## TASK REQUIREMENTS
An exact reproduction of all the data is needed, with no images in it.

::::::::::

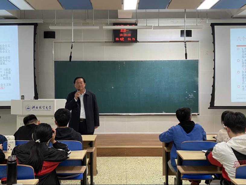 马兵林系统讲解了习近平新时代中国特色社会主义思想的核心内涵、党史学习教育的重要意义与目标要求、习近平总书记“七一”重要讲话精神等三部分内容。他向同学们展示了中国进入新时代的巨大变化,阐明了中国共产党的历史使命,解读了习近平新时代中国特色社会主义思想体系的“八个明确”和“十四条基本方略”。他指出,开展党史学习教育是牢记初心使命、推进中华民族伟大复兴的必然要求,是坚定信仰信念、在新时代坚持和发展中国特色社会主义的必然要求,是推进党的自我革命、永葆党的生机活力的必然要求。鼓励同学们从党史学习教育中汲取精神力量,坚定理想信念,切实做到学史明理、学史增信、学史崇德、学史力行。他详细解读了习近平总书记“七一”重要讲话精神,回顾了党的百年历程和伟大成就,阐释了伟大的建党精神和在长期奋斗中形成的中国共产党人的精神谱系,并以此勉励同学们弘扬光荣传统、赓续红色血脉,践行“九个必须”。
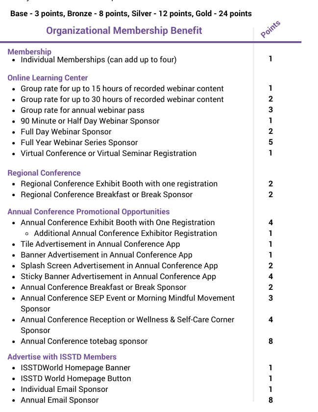 The following section indicates point values for different benefits. Each organizational membership level includes a set amount of points. It is up to the organization to decide which benefits they would like to use their points towards.
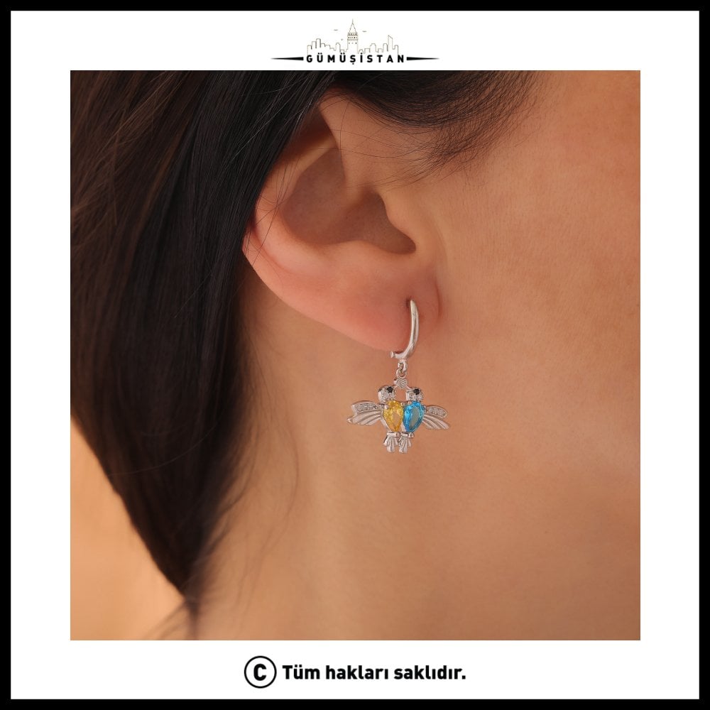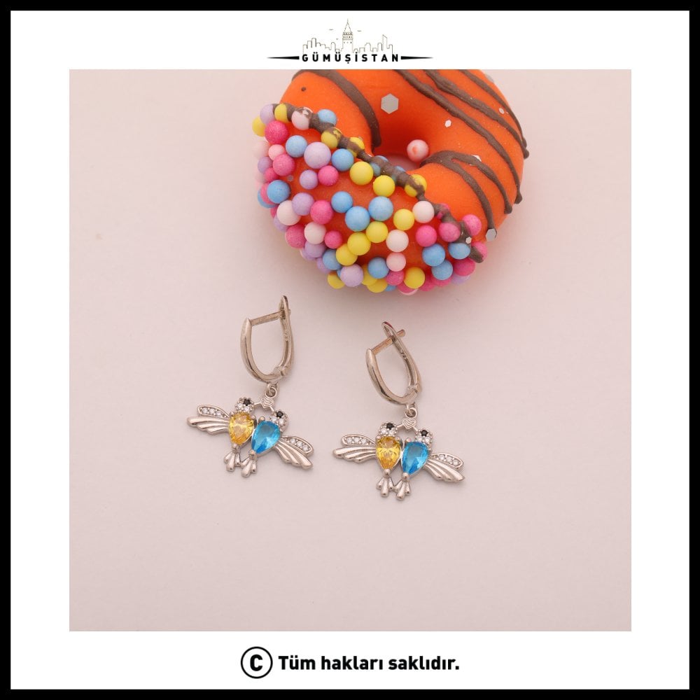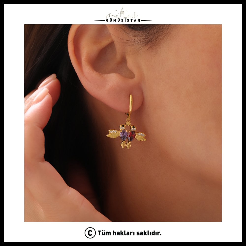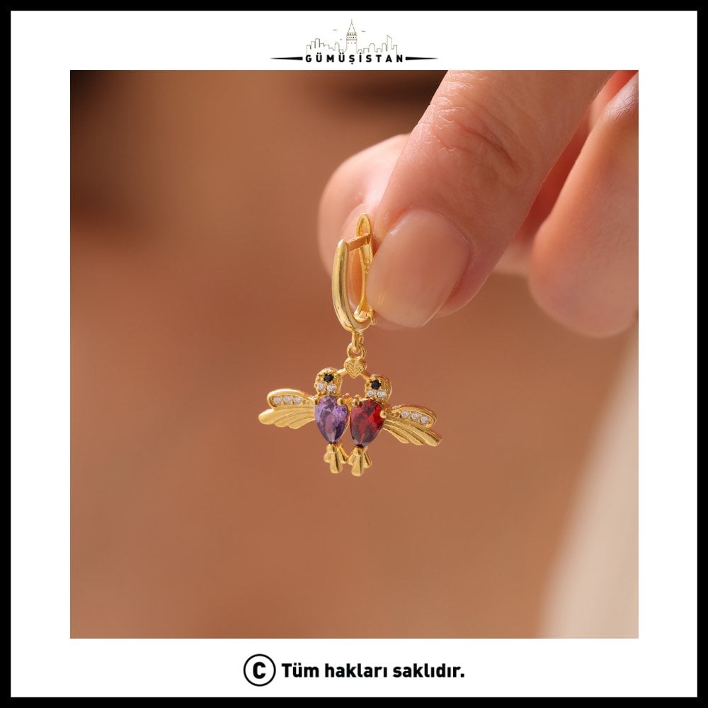 14 Ayar Altın Kaplama Kişiye Özel Çift Doğum Taşlı Bujiteri Arı Kuşu Küpe
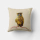 Golden Owl and Crescent Moon on Beige Throw Pillow
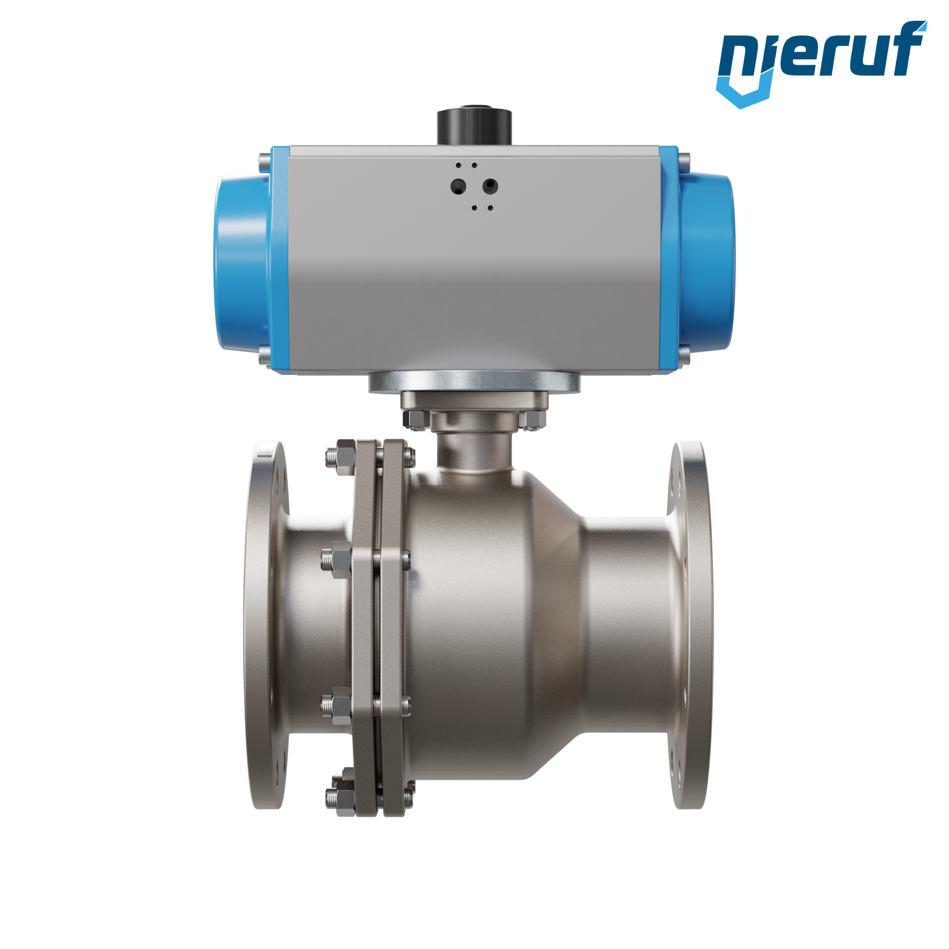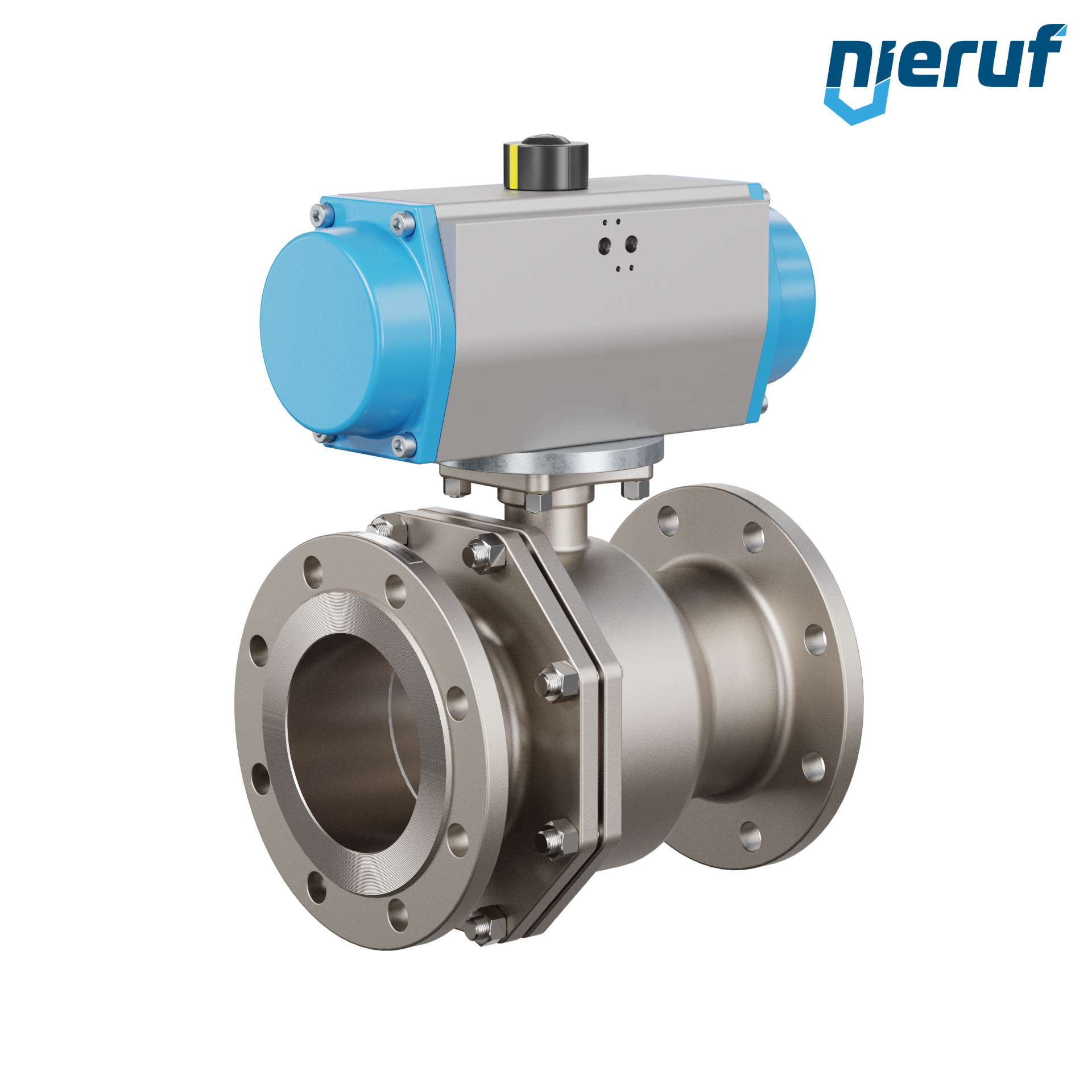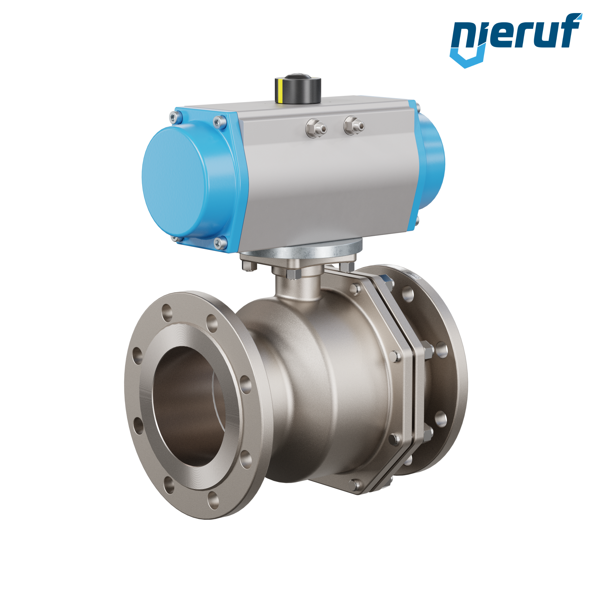 Für diesen hoch qualitativen Automatik-Flanschkugelhahn aus Edelstahl mit pneumatischem Drehantrieb (GD = doppeltwirkend) ist keine Brücke und kein Mitnehmer notwendig. Der Antrieb wird direkt auf den Kugelhahn aufgesetzt.
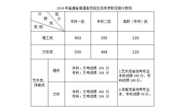 福建2019年高考分數(shù)線已公布!
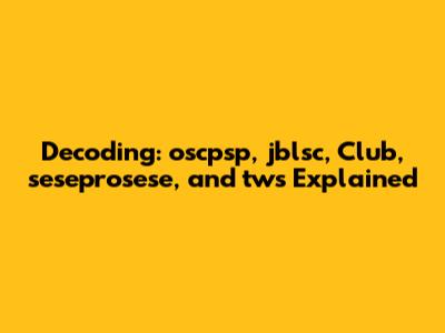 Decoding: Oscpsp, Jblsc, Club, Seseprosese, And Tws Explained
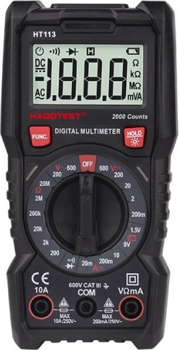 Wyposaż się w lekki i poręczny cyfrowy uniwersalny multimetr Habotest HT113, który pozwoli Ci wygodnie i bezpiecznie mierzyć napięcie, prąd, rezystancję i wiele innych parametrów. Habotest HT113 jest wyposażony w praktyczną podpórkę, dzięki czemu możesz postawić go na półce. Obudowa wykonana jest z miękkiego materiału, przyjemnego w dotyku, a jednocześnie bardzo wytrzymałego, odpornego na zużycie i upadki.
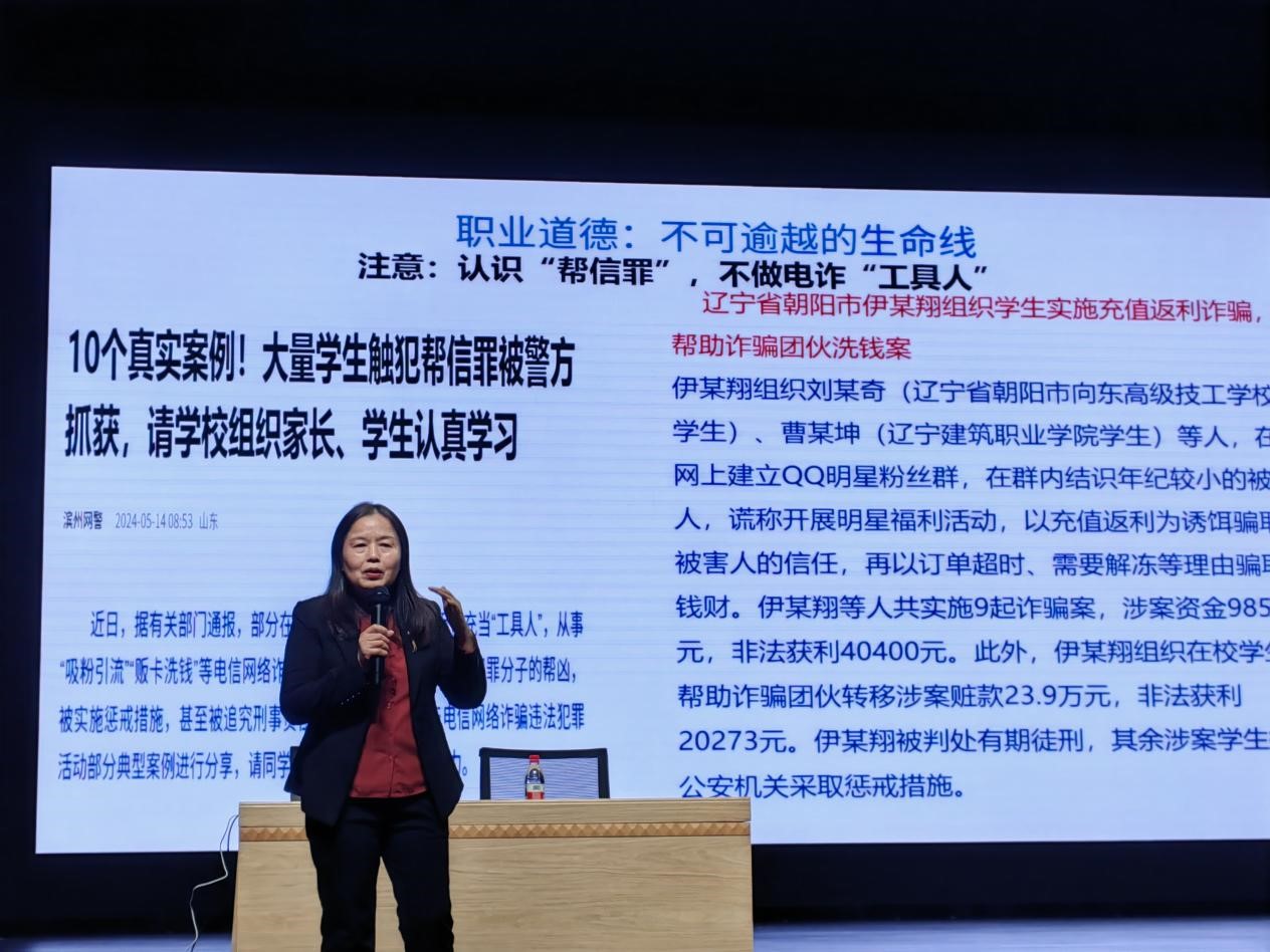 何教授的讲座内容层层递进,主要围绕四个方向展开。首先,在时代呼唤部分,她深刻阐述了未来职业所承载的社会责任与历史使命,强调了诚信操守和职业道德是职场人不可逾越的底线,引导学生从入门之初即筑牢思想根基。其次,在“行业瞭望——机会与趋势”环节,何教授结合自身丰富的实务经验与行业洞察,分析了在人工智能、大数据等技术浪潮冲击下,各行各业正在经历的深刻变革与未来发展趋势,指明了行业涌现的新机遇与对人才能力的新要求。最后,在“职场预热——能力储备”方面,她鼓励同学们面对智能时代,不仅要扎实掌握专业基础知识,更要主动培养数据思维、技术应用能力、批判性思维和终身学习的习惯,构建面向未来的复合型能力体系。

::::::::::

## EXERCISE RESPONSE
 马兵林系统讲解了习近平新时代中国特色社会主义思想的核心内涵、党史学习教育的重要意义与目标要求、习近平总书记“七一”重要讲话精神等三部分内容。他向同学们展示了中国进入新时代的巨大变化,阐明了中国共产党的历史使命,解读了习近平新时代中国特色社会主义思想体系的“八个明确”和“十四条基本方略”。他指出,开展党史学习教育是牢记初心使命、推进中华民族伟大复兴的必然要求,是坚定信仰信念、在新时代坚持和发展中国特色社会主义的必然要求,是推进党的自我革命、永葆党的生机活力的必然要求。鼓励同学们从党史学习教育中汲取精神力量,坚定理想信念,切实做到学史明理、学史增信、学史崇德、学史力行。他详细解读了习近平总书记“七一”重要讲话精神,回顾了党的百年历程和伟大成就,阐释了伟大的建党精神和在长期奋斗中形成的中国共产党人的精神谱系,并以此勉励同学们弘扬光荣传统、赓续红色血脉,践行“九个必须”。
 The following section indicates point values for different benefits. Each organizational membership level includes a set amount of points. It is up to the organization to decide which benefits they would like to use their points towards.
 14 Ayar Altın Kaplama Kişiye Özel Çift Doğum Taşlı Bujiteri Arı Kuşu Küpe
 Golden Owl and Crescent Moon on Beige Throw Pillow
 Für diesen hoch qualitativen Automatik-Flanschkugelhahn aus Edelstahl mit pneumatischem Drehantrieb (GD = doppeltwirkend) ist keine Brücke und kein Mitnehmer notwendig. Der Antrieb wird direkt auf den Kugelhahn aufgesetzt.
 福建2019年高考分數(shù)線已公布!
 Decoding: Oscpsp, Jblsc, Club, Seseprosese, And Tws Explained
 Wyposaż się w lekki i poręczny cyfrowy uniwersalny multimetr Habotest HT113, który pozwoli Ci wygodnie i bezpiecznie mierzyć napięcie, prąd, rezystancję i wiele innych parametrów. Habotest HT113 jest wyposażony w praktyczną podpórkę, dzięki czemu możesz postawić go na półce. Obudowa wykonana jest z miękkiego materiału, przyjemnego w dotyku, a jednocześnie bardzo wytrzymałego, odpornego na zużycie i upadki.
 何教授的讲座内容层层递进,主要围绕四个方向展开。首先,在时代呼唤部分,她深刻阐述了未来职业所承载的社会责任与历史使命,强调了诚信操守和职业道德是职场人不可逾越的底线,引导学生从入门之初即筑牢思想根基。其次,在“行业瞭望——机会与趋势”环节,何教授结合自身丰富的实务经验与行业洞察,分析了在人工智能、大数据等技术浪潮冲击下,各行各业正在经历的深刻变革与未来发展趋势,指明了行业涌现的新机遇与对人才能力的新要求。最后,在“职场预热——能力储备”方面,她鼓励同学们面对智能时代,不仅要扎实掌握专业基础知识,更要主动培养数据思维、技术应用能力、批判性思维和终身学习的习惯,构建面向未来的复合型能力体系。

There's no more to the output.